=== ASSIGNMENT ===
Retype, without alteration, each line from the line containing "Com gola alta, manga" to the final line of the records.
· · ·
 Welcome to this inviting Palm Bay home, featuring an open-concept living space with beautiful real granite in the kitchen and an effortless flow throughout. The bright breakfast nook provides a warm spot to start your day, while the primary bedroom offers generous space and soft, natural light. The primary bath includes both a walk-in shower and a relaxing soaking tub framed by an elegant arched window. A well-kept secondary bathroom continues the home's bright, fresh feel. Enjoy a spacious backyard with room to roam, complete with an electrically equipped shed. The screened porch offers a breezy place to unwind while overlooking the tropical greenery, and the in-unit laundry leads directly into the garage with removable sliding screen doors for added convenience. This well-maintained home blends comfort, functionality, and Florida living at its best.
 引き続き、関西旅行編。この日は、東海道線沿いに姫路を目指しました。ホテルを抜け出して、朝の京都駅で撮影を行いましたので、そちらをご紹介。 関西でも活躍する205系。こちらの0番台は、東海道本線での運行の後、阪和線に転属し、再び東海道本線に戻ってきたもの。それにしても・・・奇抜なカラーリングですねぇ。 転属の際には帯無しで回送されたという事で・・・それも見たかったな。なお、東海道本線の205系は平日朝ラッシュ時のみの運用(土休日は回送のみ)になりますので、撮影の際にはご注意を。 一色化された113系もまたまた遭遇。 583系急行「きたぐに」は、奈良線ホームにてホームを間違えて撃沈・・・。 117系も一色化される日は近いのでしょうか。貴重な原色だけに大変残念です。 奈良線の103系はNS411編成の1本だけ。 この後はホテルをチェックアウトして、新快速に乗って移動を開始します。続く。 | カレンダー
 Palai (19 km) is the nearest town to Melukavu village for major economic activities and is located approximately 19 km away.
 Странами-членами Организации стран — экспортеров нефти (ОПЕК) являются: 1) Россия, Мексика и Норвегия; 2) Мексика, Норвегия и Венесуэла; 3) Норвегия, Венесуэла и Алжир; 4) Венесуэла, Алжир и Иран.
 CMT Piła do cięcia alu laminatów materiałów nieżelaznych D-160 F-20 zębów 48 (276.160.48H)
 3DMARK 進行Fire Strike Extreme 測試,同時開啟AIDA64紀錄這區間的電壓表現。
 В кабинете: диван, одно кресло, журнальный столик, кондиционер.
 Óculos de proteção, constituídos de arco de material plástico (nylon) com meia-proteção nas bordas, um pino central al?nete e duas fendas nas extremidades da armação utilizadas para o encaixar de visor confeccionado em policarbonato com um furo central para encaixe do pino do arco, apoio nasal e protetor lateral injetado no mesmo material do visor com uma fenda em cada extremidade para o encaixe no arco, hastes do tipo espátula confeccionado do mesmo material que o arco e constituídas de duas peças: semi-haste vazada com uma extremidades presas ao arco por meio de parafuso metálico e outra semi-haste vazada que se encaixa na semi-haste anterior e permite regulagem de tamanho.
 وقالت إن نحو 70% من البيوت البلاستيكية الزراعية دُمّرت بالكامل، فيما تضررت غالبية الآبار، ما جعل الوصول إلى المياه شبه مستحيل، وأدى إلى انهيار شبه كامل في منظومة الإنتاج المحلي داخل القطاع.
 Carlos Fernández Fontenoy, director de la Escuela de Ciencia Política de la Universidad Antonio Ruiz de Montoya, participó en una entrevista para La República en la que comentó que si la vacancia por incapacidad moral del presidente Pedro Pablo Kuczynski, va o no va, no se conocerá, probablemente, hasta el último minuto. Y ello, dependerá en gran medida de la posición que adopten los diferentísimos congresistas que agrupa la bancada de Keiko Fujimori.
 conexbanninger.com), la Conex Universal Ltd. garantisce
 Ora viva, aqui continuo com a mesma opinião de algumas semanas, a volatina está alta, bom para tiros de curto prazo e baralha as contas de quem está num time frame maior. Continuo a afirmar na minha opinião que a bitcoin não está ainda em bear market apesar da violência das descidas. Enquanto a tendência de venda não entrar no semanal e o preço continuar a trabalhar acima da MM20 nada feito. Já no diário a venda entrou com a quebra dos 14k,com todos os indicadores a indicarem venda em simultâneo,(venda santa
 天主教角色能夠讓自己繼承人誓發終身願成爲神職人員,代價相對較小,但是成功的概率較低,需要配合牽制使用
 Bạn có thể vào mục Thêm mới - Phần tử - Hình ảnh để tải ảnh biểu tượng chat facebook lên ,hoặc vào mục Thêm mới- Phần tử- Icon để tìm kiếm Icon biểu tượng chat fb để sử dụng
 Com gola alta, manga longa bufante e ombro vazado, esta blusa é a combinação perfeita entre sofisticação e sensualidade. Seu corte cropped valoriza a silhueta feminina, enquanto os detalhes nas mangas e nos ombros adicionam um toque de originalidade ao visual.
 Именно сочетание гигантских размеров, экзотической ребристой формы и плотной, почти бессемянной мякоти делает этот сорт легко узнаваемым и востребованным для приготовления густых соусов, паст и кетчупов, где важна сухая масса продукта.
· · ·
=== WRITTEN SOLUTION ===
 Com gola alta, manga longa bufante e ombro vazado, esta blusa é a combinação perfeita entre sofisticação e sensualidade. Seu corte cropped valoriza a silhueta feminina, enquanto os detalhes nas mangas e nos ombros adicionam um toque de originalidade ao visual.
 Именно сочетание гигантских размеров, экзотической ребристой формы и плотной, почти бессемянной мякоти делает этот сорт легко узнаваемым и востребованным для приготовления густых соусов, паст и кетчупов, где важна сухая масса продукта.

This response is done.